Supply chain planning in the chemical industry is difficult because of the complexities associated with this industry.
Conventional manufacturing (discrete manufacturing) uses bills of materials that specify the parts that go in the final product, assembles the products, and produces lots consisting of distinct units.
Process manufacturing is different. Process manufacturers use formulas and manufacturing recipes. They produce goods in batches or a continuous stream. SCP is based on modeling constraints and key parameters. Chemical industry models are very complex.
Supply Chain Planning in the Chemical Industry
In ARC Advisory Groups’ new market study on the global supply chain planning market, the chemical industry accounts for over $150 million of the market’s revenue. This is not insignificant. Yet while there are many vendors that have supply chain planning (SCP) solutions, relatively few of them have chemical industry customers. The market leaders in the chemical industry are SAP and AspenTech.
In the supply chain planning market, the chemical industry often seems like an afterthought. Certainly, most of the writing on supply chain planning has a distinctly discrete manufacturing industry flavor to it.
Complex manufacturing is a hallmark of the chemical industry. Typical factories include many tightly interconnected operating units for blending, separating, reacting and packaging of final products.

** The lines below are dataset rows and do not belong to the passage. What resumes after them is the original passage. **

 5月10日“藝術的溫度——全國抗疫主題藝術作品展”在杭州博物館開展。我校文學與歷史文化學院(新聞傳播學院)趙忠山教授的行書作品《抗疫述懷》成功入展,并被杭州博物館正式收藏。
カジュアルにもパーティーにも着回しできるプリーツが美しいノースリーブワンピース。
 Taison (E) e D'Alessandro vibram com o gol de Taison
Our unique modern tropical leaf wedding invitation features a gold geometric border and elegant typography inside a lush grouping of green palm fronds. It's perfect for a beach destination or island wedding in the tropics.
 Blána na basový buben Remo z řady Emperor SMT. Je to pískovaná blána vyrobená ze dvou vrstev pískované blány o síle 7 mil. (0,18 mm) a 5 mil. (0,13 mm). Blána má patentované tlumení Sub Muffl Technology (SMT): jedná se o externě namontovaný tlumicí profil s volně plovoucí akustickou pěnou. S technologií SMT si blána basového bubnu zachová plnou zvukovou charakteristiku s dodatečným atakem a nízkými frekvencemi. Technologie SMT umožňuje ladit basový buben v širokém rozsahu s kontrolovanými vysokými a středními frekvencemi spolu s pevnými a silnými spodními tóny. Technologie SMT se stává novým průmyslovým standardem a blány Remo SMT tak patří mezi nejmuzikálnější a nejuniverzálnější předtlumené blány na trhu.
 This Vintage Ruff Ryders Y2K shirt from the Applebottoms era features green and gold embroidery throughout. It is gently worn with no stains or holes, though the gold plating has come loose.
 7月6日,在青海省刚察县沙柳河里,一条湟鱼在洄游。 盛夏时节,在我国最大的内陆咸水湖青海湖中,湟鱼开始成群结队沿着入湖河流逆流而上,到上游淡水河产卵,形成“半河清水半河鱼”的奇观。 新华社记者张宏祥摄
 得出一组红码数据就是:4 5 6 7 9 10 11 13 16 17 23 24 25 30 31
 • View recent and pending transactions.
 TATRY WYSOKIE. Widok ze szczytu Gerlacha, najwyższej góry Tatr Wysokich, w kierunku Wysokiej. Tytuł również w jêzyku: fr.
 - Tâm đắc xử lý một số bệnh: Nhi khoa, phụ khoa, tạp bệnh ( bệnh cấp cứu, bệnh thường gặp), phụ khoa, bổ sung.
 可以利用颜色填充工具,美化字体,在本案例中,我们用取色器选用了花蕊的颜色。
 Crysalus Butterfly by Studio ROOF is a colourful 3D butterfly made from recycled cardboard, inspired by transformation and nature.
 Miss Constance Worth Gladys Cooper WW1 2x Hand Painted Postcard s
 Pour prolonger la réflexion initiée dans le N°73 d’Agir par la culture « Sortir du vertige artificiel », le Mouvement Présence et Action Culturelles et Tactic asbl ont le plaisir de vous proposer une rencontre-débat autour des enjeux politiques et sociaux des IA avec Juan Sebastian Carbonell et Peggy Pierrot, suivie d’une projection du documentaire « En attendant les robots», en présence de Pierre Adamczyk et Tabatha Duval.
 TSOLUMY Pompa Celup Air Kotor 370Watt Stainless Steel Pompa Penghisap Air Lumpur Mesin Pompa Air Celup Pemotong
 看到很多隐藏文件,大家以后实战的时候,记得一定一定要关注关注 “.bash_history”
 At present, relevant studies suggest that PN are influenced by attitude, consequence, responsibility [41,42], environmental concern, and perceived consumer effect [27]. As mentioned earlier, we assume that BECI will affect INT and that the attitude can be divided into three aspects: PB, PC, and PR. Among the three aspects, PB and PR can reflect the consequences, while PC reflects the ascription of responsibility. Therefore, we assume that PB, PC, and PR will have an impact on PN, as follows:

Tanks are used everywhere, within operating units, between units to balance operations, and for temporarily storing materials, work-in-process, and finished goods inventory. Production planning solutions must reflect a deep understanding of the product and the manufacturing processes to ensure that plans are realistic and support stable product transitions. Planning requires an explicit understanding of the complex, non-linear chemical processes occurring within process units. Complex relationships between raw material variability, operating units and constraints on product changes must still be thoroughly modeled to develop optimal schedules.
Most SCP suppliers can’t begin to produce high fidelity models of process manufacturing plants. And as Roch Gauthier, the Sr. Director of Product Management for the aspenONE Supply Chain Management suite pointed out, “if you can’t model it, you can’t manage it; let alone optimize it.”
But in addition to modeling manufacturing, a good supply chain solution needs to also model demand and inventory. This is important because the central process in supply chain management is sales & operations planning (S&OP), which is increasingly being referred to as “integrated business planning” (IBP). IBP balances supply and demand in a manner that optimizes an organization’s key financial goals. Running demand-supply simulations is incredibly clunky and time consuming at best. But it can be all but impossible for complex chemical supply chains unless demand, inventory, and manufacturing parameters and constraints are in one model.
When you talk about a model that contains the incredibly detailed manufacturing constraints – as well as an understanding of demand and bulk transportation and inventory – you can end up with a very big model. How big?
Perstorp’s Supply Chain Model
AspenTech’s customer Perstorp, a leading global specialty chemicals manufacturer, has a model that contains 1.5 million variables and 500,000 constraints! Perstorp is evaluating supply/demand scenarios based on marginal contribution impacts. And Steve Oelbrandt, the S&OP Process Manager, and Nils-Petter Nytzen, Global Capacity Manager at Perstorp, tell me this model is still growing! Roughly one third of the company’s 10 production plants in Europe and Asia are currently in the comprehensive model. They went live with this model in the middle of this year. But the goal is to have the whole company in a unified model by August of next year.
The comedian Rodney Dangerfield’s tagline was “I get no respect.” When it comes to supply chain planning, the heavy process industries get no respect. This is despite the fact that these industries’ complexities make them among the most challenging operational problems in the field.